Under some circumstances, MX may also rely on mxoed, which is
compatible with Open-MX' omxoed.
If using a static peer table:
The peer table should be setup on the Open-MX nodes as usual with
omx_init_peers, with a single entry for each Open-MX peer and each
MX peer.
On the MX nodes, each Open-MX peer with name "myhostname:0" and mac
address 00:11:22:33:44:55 should be added with:
$ mx_init_ether_peer 00:11:22:33:44:55 00:00:00:00:00:00 myhostname:0
Note that it is possible to let the regular MX dynamic discovery
map the MX-only fabric and then manually add the Open-MX peers.
To do so, the regular discovery should first be stopped with:
$ /etc/init.d/mx stop-mapper
Once peers are setup on both MX and Open-MX nodes, the fabric is ready.

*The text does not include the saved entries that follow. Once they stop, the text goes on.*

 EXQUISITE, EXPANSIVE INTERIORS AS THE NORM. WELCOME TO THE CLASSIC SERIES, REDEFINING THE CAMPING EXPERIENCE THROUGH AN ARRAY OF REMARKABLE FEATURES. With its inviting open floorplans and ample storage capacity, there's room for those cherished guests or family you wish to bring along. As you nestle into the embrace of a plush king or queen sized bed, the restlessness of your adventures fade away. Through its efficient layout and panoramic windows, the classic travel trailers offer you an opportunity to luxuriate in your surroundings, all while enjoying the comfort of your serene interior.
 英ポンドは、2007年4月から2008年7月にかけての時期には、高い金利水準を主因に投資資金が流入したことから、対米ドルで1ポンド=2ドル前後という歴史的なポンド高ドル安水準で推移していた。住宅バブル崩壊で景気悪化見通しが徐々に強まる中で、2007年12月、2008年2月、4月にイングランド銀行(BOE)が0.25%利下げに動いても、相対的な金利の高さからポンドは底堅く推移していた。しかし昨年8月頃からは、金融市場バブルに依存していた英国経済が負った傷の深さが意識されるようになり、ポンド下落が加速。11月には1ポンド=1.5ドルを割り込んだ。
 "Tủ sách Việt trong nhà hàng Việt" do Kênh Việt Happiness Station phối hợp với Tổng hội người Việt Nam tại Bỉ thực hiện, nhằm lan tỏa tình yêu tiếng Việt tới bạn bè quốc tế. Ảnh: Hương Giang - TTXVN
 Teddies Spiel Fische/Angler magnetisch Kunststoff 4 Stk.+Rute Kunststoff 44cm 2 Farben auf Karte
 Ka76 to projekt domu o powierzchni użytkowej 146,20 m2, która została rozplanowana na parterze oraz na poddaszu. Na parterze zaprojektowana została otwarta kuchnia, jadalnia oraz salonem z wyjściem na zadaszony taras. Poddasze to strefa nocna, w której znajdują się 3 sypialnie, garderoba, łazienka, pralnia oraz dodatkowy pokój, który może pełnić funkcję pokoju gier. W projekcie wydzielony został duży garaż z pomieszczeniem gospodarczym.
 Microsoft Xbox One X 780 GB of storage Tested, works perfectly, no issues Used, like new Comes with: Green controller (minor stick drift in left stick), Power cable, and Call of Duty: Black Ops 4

+--------------------------------
| V.b. ABI and API compatibility
The Open-MX API is slightly different from the MX one, but Open-MX provides
a compatibility layer which enables:
+ To link applications that were compiled against MX
+ To build applications that were written for the MX API
This compatibility is enabled by default and has a very low overhead since
it only involves going across basic conversion routines.